I wouldn’t say 5’8 is particularly short, if he’s very bothered has he tried inserts? Or someone suggested Nike AirMax trainers (they add 1.5 inches to my DS height!).
All of my family are tall (upto 6’6), so speaking from the other side of the fence, being tall isn’t the be all and end all, it’s harder to blend into a crowd, everyone comments on it, tall kids can easily become a target, it’s very difficult to buy pants and tracksuit bottoms which are long enough!!

waterlego · 15/10/2021 08:12

It’s a shame he is self conscious about it. A person’s height really isn’t the most important or interesting thing about them, and crucially, there isn’t anything he can do about it, so the sooner he can make his peace with it, the better.

5ft 8 is only slightly below average for a man in the UK. As others have said, different places have different averages. Your DS would probably feel short in Scandinavia or the Netherlands, but would feel tall in Japan or many South American countries.

My DH is 5ft 8. He would have liked to have been 6ft (especially now our 13 year old DS is taller than him!) but he accepts what he can’t change. He’s sporty and athletic, runs a successful business, and is happily married to me (and was never short of admirers before we met!)

CounsellorTroi · 15/10/2021 08:24

I think it’s a perfect height - I am 5ft 2! DH is 5ft 7.

Sleeplessem · 15/10/2021 08:36

I think the average in the UK is 5’9 so 5’8 is a perfectly reasonable height, in fact I bet there are a lot of blokes out there who’d love to be 5’8 and if he was standing next to a few mates that are 5’9 and 5’10, you’d barely notice the height difference.

Not to make it all about dating and women, but as the average height for a woman is around 5’4, he’s taller than most women, which seems to be a thing people care about.

It’s never held the likes of zac efron back and he’s renowned for being a v handsome guy!

Tal45 · 15/10/2021 08:39

I'm 5ft 5ish and OH is a tiny bit taller that me. He hates being short and got teased for it but I like being with someone who's about the same height as me.

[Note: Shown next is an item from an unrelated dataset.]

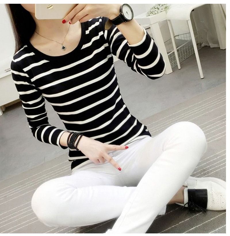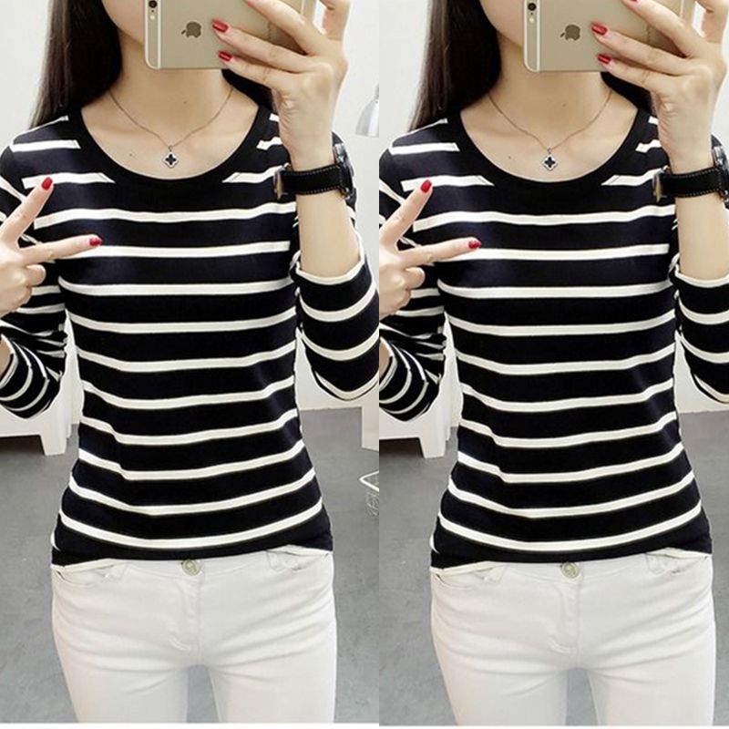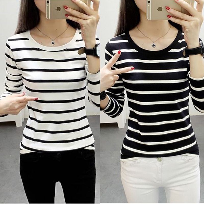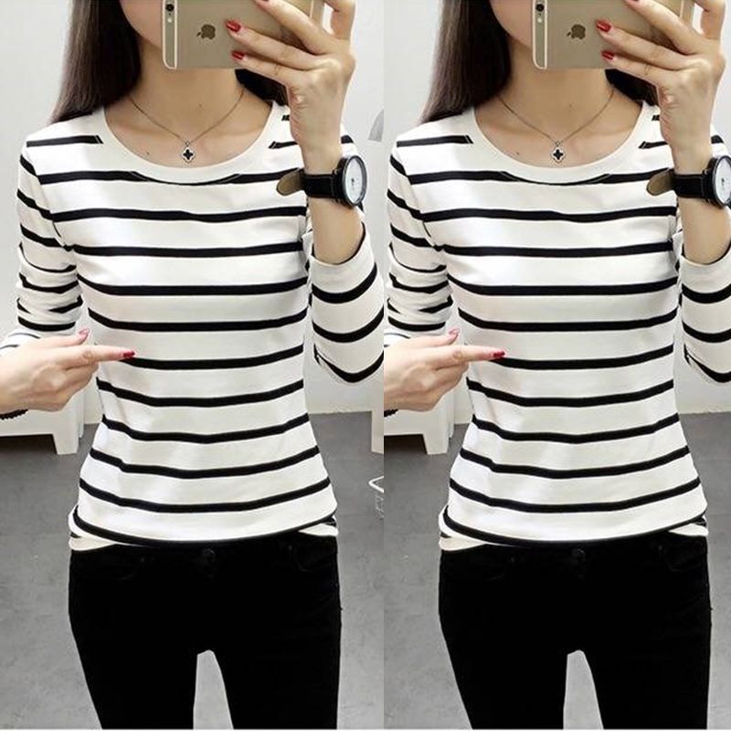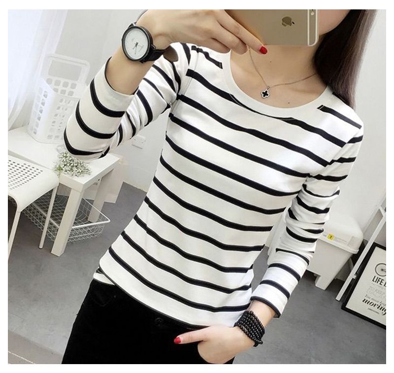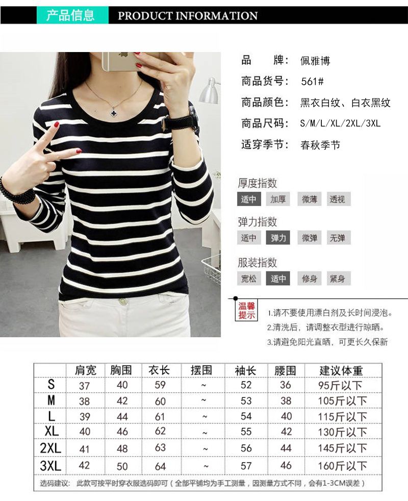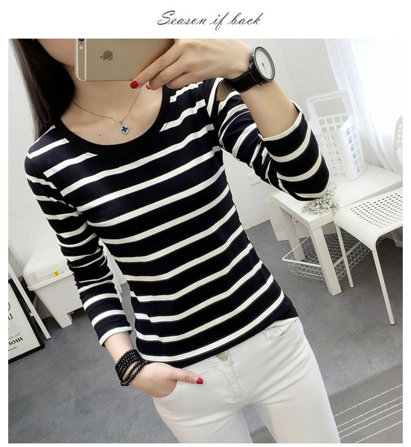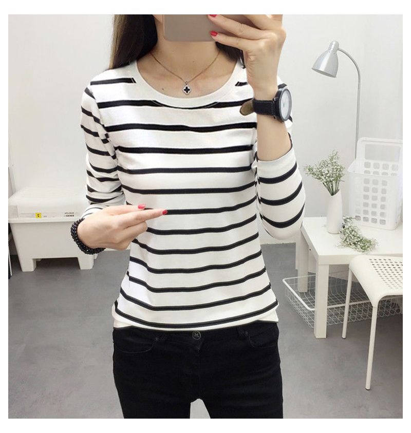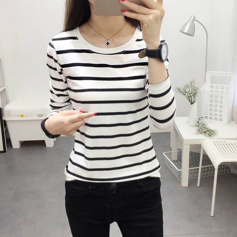 春秋款女装新款潮条纹百搭薄款长袖t恤修身v领上衣女圆领打底衫女

Bagamoyo1 · 15/10/2021 08:40

@Animood

It's not your job to make it better
That’s possibly the strangest thing I’ve ever read on a parenting site! Of course it’s not OP’s “job” to try and cheer up her son, but you know, most of us want our kids to be happy whatever age they are!
chasingmytail4 · 15/10/2021 08:45

Of course, we all know he's not too short. However, my DS is a similar height and I was astounded to hear from him that on dating websites, a significant number of women specify that they will only meet men who are over 6'. Their loss of course @walkingthroughtheleaves because they're missing out on lovely men like our sons.

Wannakisstheteacher · 15/10/2021 08:45

DS (13) said to me yesterday that he “must” reach 6ft. I asked why and he said that all the 6th formers at school are over 6ft so if you aren’t you stick out. Basically I think for men there has become this huge emphasis on reaching the magic 6ft which is really not an issue in the same way for women. I don’t think DS will reach his desired height and it makes me sad he will see himself as somehow lesser due to something he had no control over.

Phrowzunn · 15/10/2021 08:46

My husband is 5’8 and is the most wonderful, kind, hilarious, selfless, hardworking, successful, attractive man I’ve ever met. I totally agree with the whole ‘owning it’ thing - DH is confident with it and it has never ever been an issue, even though I’m not short (5’6). I also tease him about it (as that’s just the kind of relationship we have) and he takes it all in his stride. It’s genuinely not an issue and has not disadvantaged him in any way.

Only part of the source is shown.